McIntyre and the Parkland Shooting
Another school shooting ripped through the news cycle this week bringing the long simmering tensions over gun control in the United States to another boil. The sides are neatly divided between the left and right, Republicans and Democrats, and both have their usual talking points. Unfortunately, every time such a tragedy makes the headlines, the discussion moves in a fairly predictable circle with neither side budging, but becoming all the more entrenched. This familiar pattern brings to mind one of the primary theses of Alisdair McIntyre's influential work, After Virtue.

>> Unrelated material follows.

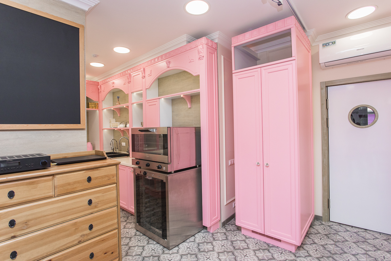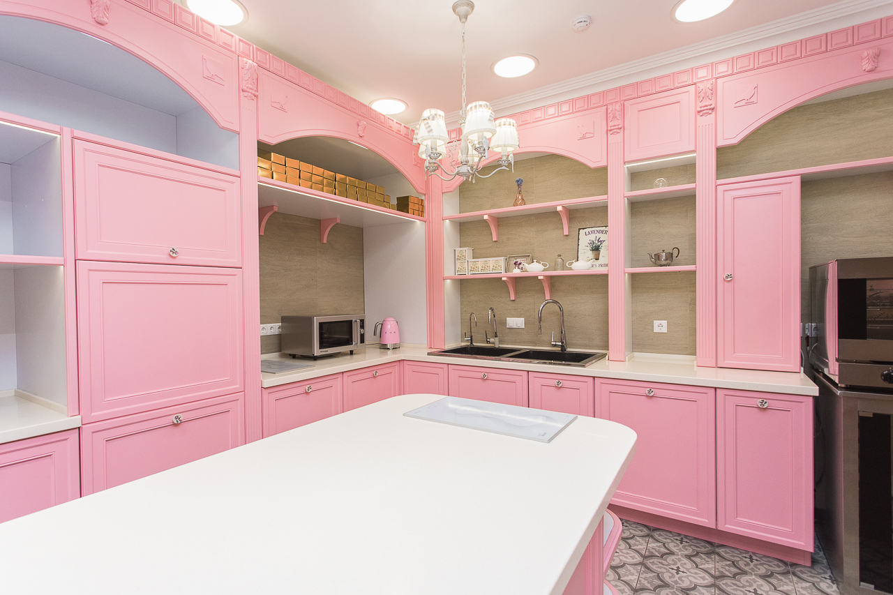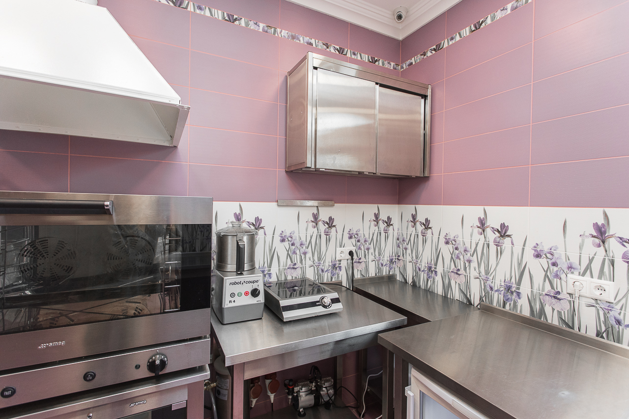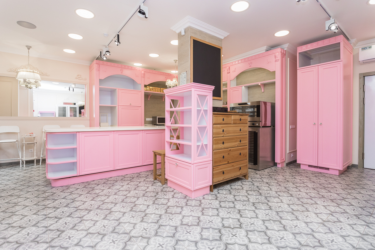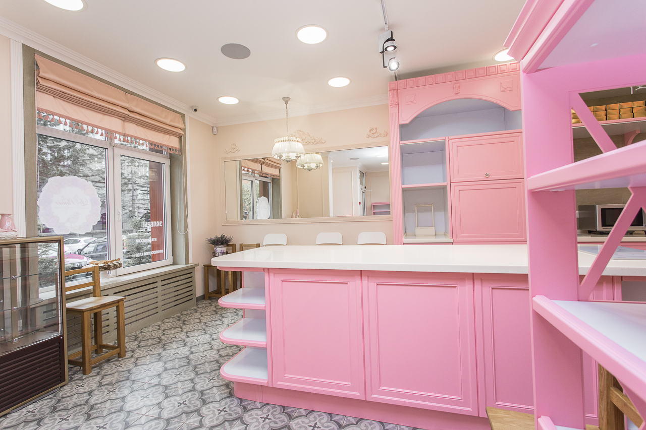 В России есть только одна Кондитерская Студия с профессиональным дизайном в стиле классической Французской Кондитерской. Здесь высококлассная дубовая мебель в благородном розовом цвете; итальянская плитка; авторские шторы, профессиональное освещение и музыкальная система.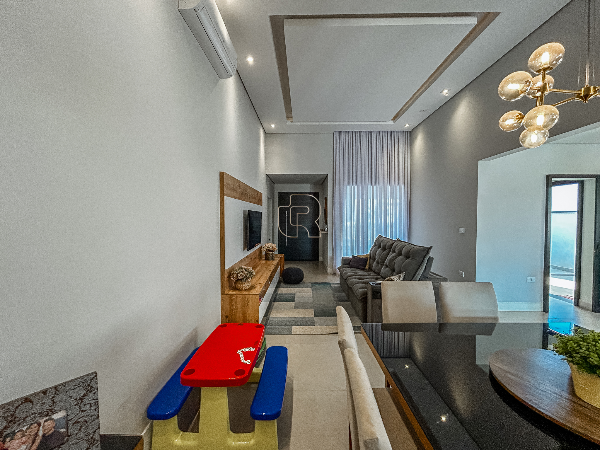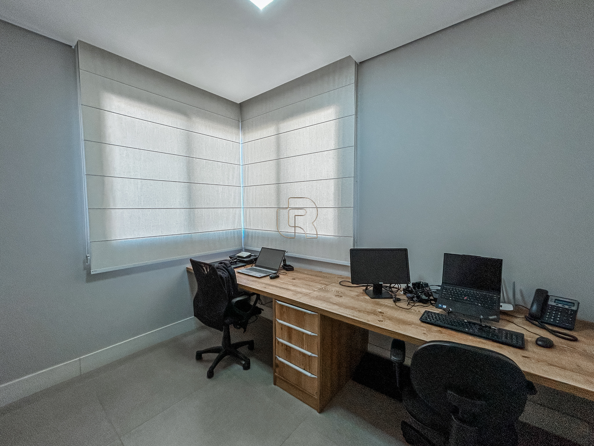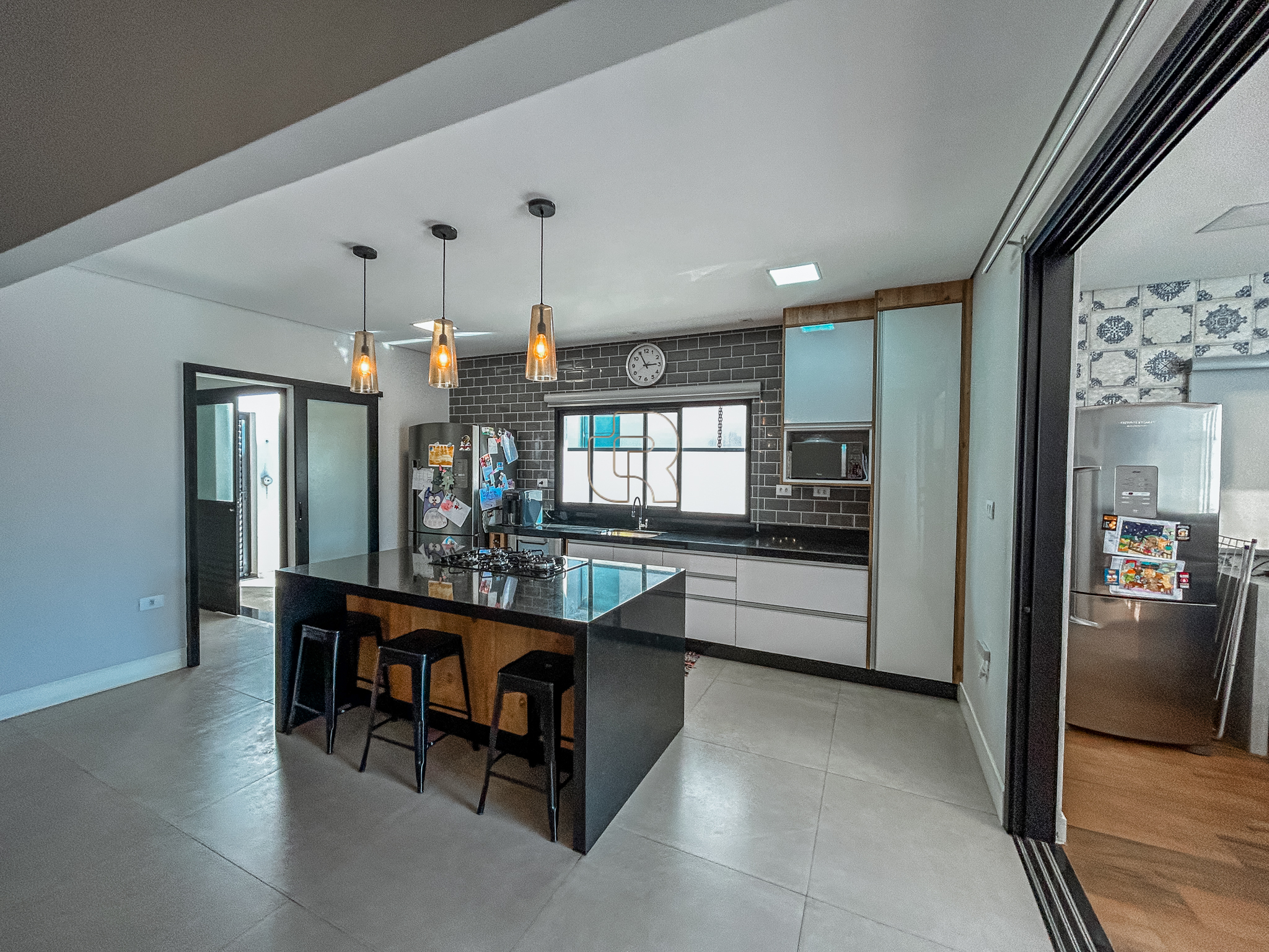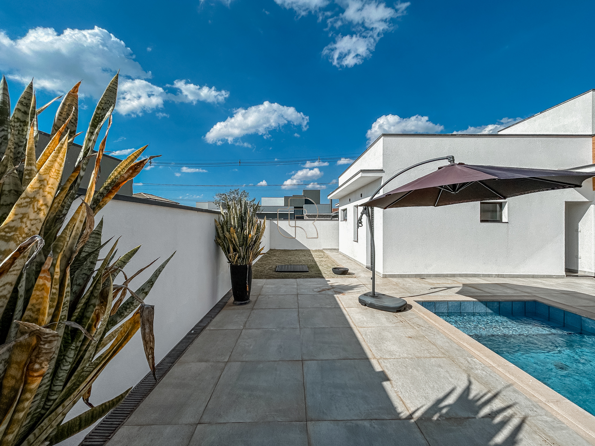 O imóvel conta com três suítes, escritório, lavabo, salas de TV e jantar integradas à cozinha americana, além de espaço gourmet com churrasqueira, piscina, banheiro externo, depósito e garagem coberta para dois veículos.

McIntyre argues that society has lost the ability to engage in meaningful moral discourse. At root is the moral confusion which underpins modern culture. We have uncritically borrowed thoughts, ideas, and language from Aristotle, Aquinas, Bentham, Nietzsche, Hume, Kant and other philosophers throughout the ages. Many of these ideas are incommensurate - they cannot be reconciled on their own terms - and thus lead to people talking past each other. One invokes talk of the greater good while the other discusses rights and progress is expected to be made. According to McIntyre, moral discourse has completely broken down and becoming hostile and uncivil pushing people farther away from each other.
It seems to me that nothing captures this sad state of affairs better than the American gun debate following a tragedy such as we witnessed this past week. If any progress is to be made among individuals, a first step requires recognition of our moral fractures and a reclamation of systematic thought.